Equally important has been the development and evaluation of interventions that have been shown not to have major benefits for preterm infants. For example, strong evidence from preclinical research studies indicated that antenatal thyrotropin releasing hormone might act synergistically with corticosteroids to reduce the risk of respiratory distress syndrome in preterm infants. Despite the biological plausibility of this treatment and evidence of effect in animal models, randomised controlled trials (involving over 4500 women) did not show any improvement in outcomes, including mortality, for preterm infants. Also, antenatal thyrotropin releasing hormone was shown to be associated with adverse effects for mothers and infants, including a higher risk of infants needing mechanical ventilation. On the basis of this evidence, antenatal thyrotropin releasing hormone does not have a role in the management of threatened preterm birth.
Effect of prenatal thyrotropin releasing hormone (TRH) for preterm birth on mortality before hospital discharge.
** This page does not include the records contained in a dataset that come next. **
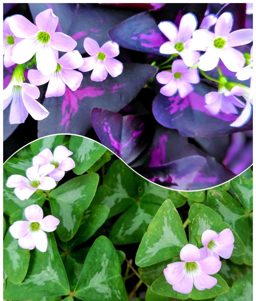 我が家のオキザリス·トリアングラリス…紫の舞💜(↑)と銀の舞💚(↓)です。お花はどちらも淡いピンクで同じですが…三角形の葉っぱのお色で全く違う印象ですネ。わたしは紫の舞の方が艶っぽい感じで好きですが…皆さんはどちらがお好きでしょうか🤗
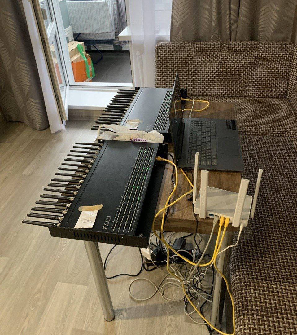 Во время обысков изъяли четыре комплекта оборудования, около тысячи SIM-карт, ноутбуки и роутеры.
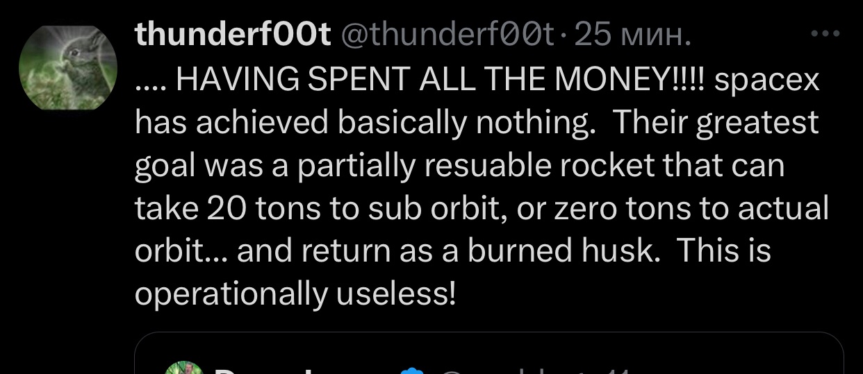 Еще, обратите внимание. Я уже на прошлом полете обратил. МОШЕННИКУ важнее поскорее высрать побольше старлинков из Страшипа, чем не ударить Америку лицом в грязь и выиграть лунную гонку с китайцами. Какое отношение высирание макетов старлинков вообще имеет к программе Артемис? Наебалово это всё посоны, следить надо за китайской лунной программой. Только китайцы такого шоу из тестовых плетов не устраивают, к сожалению.
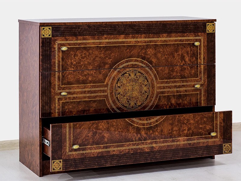 Фасад комода выполнен из ламинированного ДСП в цвете Корень (лак) + шелкография.
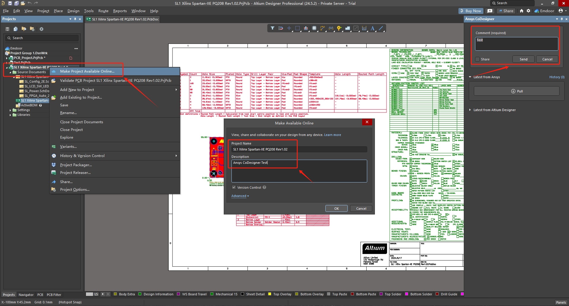 在【Comment】傳輸窗口中,詳細闡述測試參數、觀測內容或具體問題情境。隨后,選中導出EDB)文件及仿真結果。最后,點擊【Push to Altium 365】指令,以安全高效的方式將這批經細化處理的數據包同步回 Altium Designer 24 平臺,實現設計環境間的信息無縫對接與高端協同作業。此舉不僅優化了設計驗證流程,還促進了團隊間的信息透明度與工作流集成度。
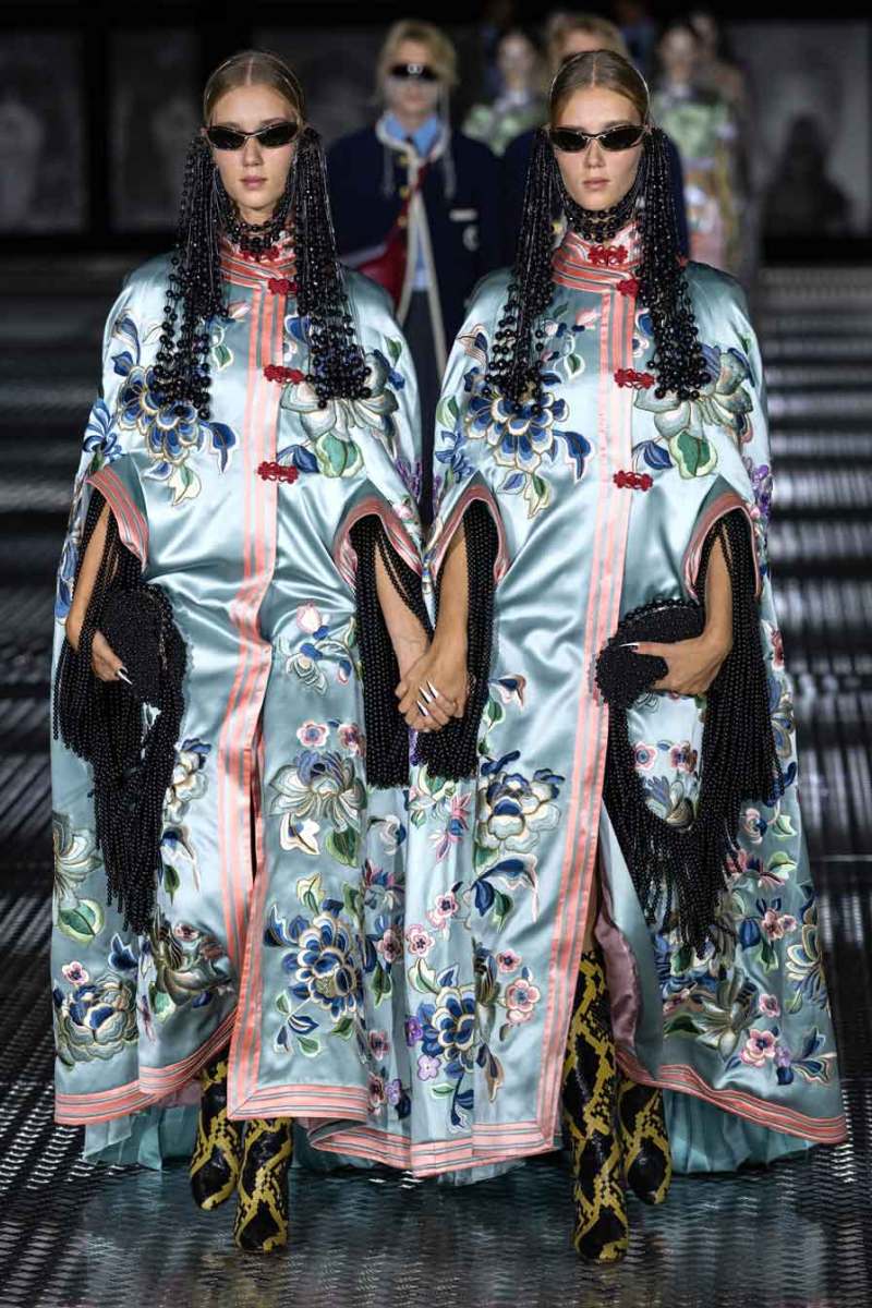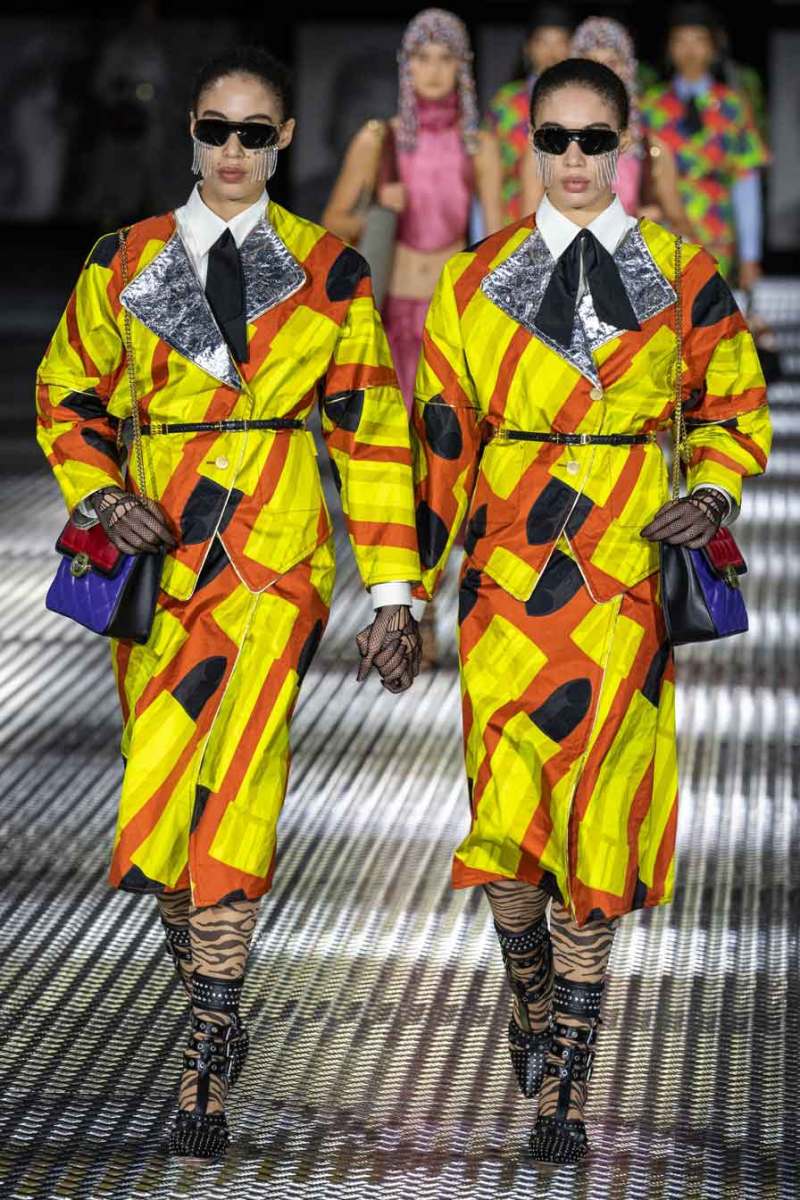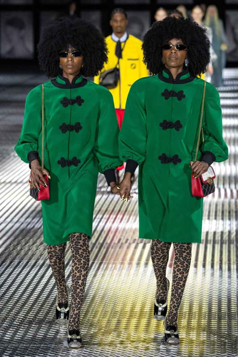 Ma l’accessorio più irriverente della collezione è la nuova mascotte dei look firmati Gucci: Gizmo, il cartone animato anni ’80 che ha conquistato diverse generazioni. Il suo muso diventa un marsupio, una pochette, un accessorio must-have e anche una stampa.
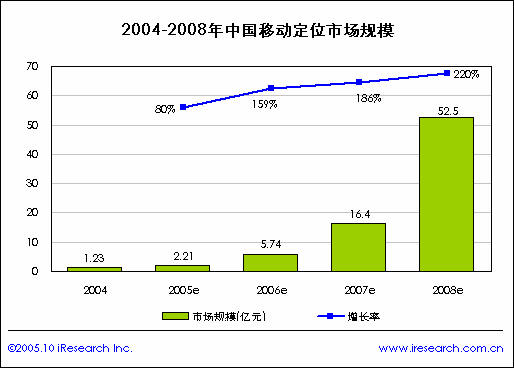 隨著中國移動定位市場的啟動和各種新興定位業(yè)務(wù)的推廣,該市場在未來三年將進入一個穩(wěn)定增長期。根據(jù)iResearch艾瑞市場咨詢的研究分析,2005年國內(nèi)移動定位市場規(guī)模達到2.21億元,比2004年增長80%。這主要得益于中國移動親子通業(yè)務(wù)和中國聯(lián)通手機導(dǎo)航等相關(guān)定位業(yè)務(wù)的推廣。受“奧運經(jīng)濟”的刺激,在2006-2008年的三年內(nèi),該市場的增長率將保持在150%以上。到2008年中國移動定位市場將達到52.5億元,成為最具競爭力的3G核心業(yè)務(wù)之一。
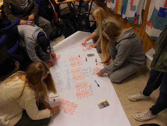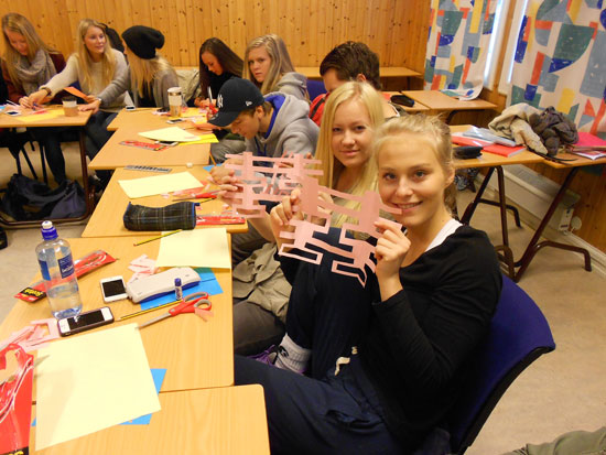 最后,全体把剪好的喜字贴在一起做成了一幅海报,并写上自己的名字。24名师生一起度过了一个愉快而有意义的中秋佳节。希望奥勒松高中的中文课也像同学们完成的那幅海报一样,在未来,带着满满的“喜”悦和快乐,把中国语言和文化的种子播散在这群可爱的挪威年轻人心间,为挪威和中国的文化交流架起友谊的桥梁。
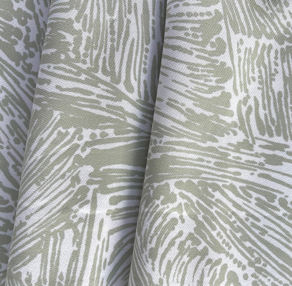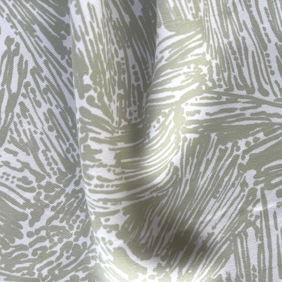 A mid-weight, stretch rayon viscose in a flowing abstract print in sage green and white - with a touch of lycra, this summery, drapey rayon crepe is perfect for a sheath dress, a cowl neck blouse. tunic, or a long skirt. Made in Italy. 95% rayon viscose and 5% lycra. 52" wide.
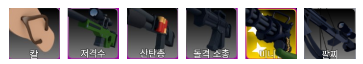 거리에 따라 성능이 달라지고, 예측이 필요한 무기입니다.
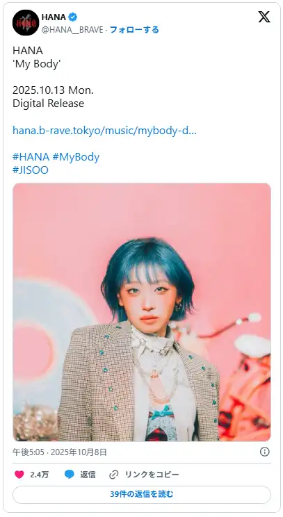 | 最近の活動 | – 2025年10月13日:「My Body」リリース。JISOOさんのソロパートが「感情の爆発」と話題。 – ファンミーティング「HANA with HONEYs」(2025年夏~秋):ファンとの交流で「優しいお姉さん」ぶりが好評。 – 公式X(@HANA__BRAVE)で公開されたビハインド映像では、メンバーと笑顔で戯れる姿が「癒し」と話題。 |

Data from Crowther CA et al. Cochrane Database Syst Rev. 2003;(4): CD000019
Evidence
Obtaining the best evidence to guide clinical practice is not always easy. In particular, undertaking clinical trials to evaluate interventions for preterm infants is difficult. Although about 3000 randomised controlled trials have been reported in the field of neonatology, many interventions have not yet been subjected to unbiased evaluation. This could be because the trials have not been attempted, or have been flawed methodologically, or have been too small to detect clinically important effects. Large perinatal trials have problems with recruitment. This could be related to the issues surrounding the public perception of perinatal trials and the need for (and difficulty in obtaining) informed consent from parents. Even when perinatal trials have been undertaken successfully, in some studies follow up has been too short and has assessed short term or surrogate outcomes for preterm infants.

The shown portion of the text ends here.